[[ Supplied information, beginning ]]
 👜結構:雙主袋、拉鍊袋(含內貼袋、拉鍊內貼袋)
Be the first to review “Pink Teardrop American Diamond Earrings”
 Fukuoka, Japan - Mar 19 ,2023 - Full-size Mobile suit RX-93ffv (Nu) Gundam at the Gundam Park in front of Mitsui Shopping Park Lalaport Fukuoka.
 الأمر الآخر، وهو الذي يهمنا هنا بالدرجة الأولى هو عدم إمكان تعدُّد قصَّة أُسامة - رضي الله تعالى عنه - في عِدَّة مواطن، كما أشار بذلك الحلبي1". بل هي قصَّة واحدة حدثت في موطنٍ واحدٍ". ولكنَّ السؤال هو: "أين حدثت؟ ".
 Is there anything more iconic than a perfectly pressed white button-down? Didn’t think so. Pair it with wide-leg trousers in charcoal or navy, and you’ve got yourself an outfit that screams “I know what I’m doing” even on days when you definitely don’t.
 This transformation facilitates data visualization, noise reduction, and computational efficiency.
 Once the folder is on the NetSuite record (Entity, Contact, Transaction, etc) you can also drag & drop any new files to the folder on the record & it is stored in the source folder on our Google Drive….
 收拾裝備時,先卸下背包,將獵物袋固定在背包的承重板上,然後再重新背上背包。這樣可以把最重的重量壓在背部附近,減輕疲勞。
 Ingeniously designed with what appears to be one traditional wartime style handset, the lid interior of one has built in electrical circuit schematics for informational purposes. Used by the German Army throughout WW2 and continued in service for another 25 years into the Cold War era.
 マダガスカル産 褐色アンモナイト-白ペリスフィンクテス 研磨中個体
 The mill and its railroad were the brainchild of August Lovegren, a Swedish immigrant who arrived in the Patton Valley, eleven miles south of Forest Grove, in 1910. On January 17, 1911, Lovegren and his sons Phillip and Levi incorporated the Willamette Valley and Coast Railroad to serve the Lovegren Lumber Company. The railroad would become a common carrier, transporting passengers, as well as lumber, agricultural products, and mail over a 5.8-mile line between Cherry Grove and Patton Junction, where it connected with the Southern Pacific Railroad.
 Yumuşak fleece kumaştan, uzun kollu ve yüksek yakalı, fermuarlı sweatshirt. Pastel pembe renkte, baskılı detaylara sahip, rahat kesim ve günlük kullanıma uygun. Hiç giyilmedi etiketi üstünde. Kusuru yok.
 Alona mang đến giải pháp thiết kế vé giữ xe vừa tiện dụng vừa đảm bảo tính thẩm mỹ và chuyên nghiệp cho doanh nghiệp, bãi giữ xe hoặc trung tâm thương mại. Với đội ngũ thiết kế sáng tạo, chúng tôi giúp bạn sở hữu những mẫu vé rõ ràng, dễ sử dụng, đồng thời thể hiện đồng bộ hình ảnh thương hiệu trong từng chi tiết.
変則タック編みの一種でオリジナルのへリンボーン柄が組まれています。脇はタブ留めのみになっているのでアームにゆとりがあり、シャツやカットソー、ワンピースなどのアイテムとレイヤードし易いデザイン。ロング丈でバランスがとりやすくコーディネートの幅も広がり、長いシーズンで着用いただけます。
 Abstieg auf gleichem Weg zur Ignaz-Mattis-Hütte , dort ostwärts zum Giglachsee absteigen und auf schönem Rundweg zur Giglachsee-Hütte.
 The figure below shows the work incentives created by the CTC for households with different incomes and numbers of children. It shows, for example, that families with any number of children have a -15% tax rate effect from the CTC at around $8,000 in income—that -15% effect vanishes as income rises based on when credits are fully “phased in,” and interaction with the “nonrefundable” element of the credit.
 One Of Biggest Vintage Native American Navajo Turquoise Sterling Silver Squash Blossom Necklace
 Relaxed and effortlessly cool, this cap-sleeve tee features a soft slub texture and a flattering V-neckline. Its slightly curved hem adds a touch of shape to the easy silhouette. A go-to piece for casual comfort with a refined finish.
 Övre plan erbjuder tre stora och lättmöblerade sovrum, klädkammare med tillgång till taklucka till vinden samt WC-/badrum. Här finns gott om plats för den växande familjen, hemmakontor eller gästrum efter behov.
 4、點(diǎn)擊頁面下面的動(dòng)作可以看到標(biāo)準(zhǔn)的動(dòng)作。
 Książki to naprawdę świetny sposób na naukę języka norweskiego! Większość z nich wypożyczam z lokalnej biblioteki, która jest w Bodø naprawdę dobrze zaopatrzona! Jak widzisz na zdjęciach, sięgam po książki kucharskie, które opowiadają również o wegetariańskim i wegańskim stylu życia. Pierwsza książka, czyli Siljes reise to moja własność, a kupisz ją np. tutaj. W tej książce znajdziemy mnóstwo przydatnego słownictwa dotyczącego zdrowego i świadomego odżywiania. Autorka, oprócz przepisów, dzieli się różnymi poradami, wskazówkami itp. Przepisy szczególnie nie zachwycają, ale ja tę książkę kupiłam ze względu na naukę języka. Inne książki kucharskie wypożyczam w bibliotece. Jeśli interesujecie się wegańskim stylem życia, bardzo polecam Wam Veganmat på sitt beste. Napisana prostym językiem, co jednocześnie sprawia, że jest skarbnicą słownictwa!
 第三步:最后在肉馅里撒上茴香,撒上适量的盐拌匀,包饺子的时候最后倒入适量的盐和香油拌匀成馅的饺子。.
[[ Supplied information, end ]]
[Your goal]:
Beginning with the line that holds "Książki to naprawdę", copy the entries exactly to their last line, and leave out every earlier line.

[Response below]:
 Książki to naprawdę świetny sposób na naukę języka norweskiego! Większość z nich wypożyczam z lokalnej biblioteki, która jest w Bodø naprawdę dobrze zaopatrzona! Jak widzisz na zdjęciach, sięgam po książki kucharskie, które opowiadają również o wegetariańskim i wegańskim stylu życia. Pierwsza książka, czyli Siljes reise to moja własność, a kupisz ją np. tutaj. W tej książce znajdziemy mnóstwo przydatnego słownictwa dotyczącego zdrowego i świadomego odżywiania. Autorka, oprócz przepisów, dzieli się różnymi poradami, wskazówkami itp. Przepisy szczególnie nie zachwycają, ale ja tę książkę kupiłam ze względu na naukę języka. Inne książki kucharskie wypożyczam w bibliotece. Jeśli interesujecie się wegańskim stylem życia, bardzo polecam Wam Veganmat på sitt beste. Napisana prostym językiem, co jednocześnie sprawia, że jest skarbnicą słownictwa!
 第三步:最后在肉馅里撒上茴香,撒上适量的盐拌匀,包饺子的时候最后倒入适量的盐和香油拌匀成馅的饺子。.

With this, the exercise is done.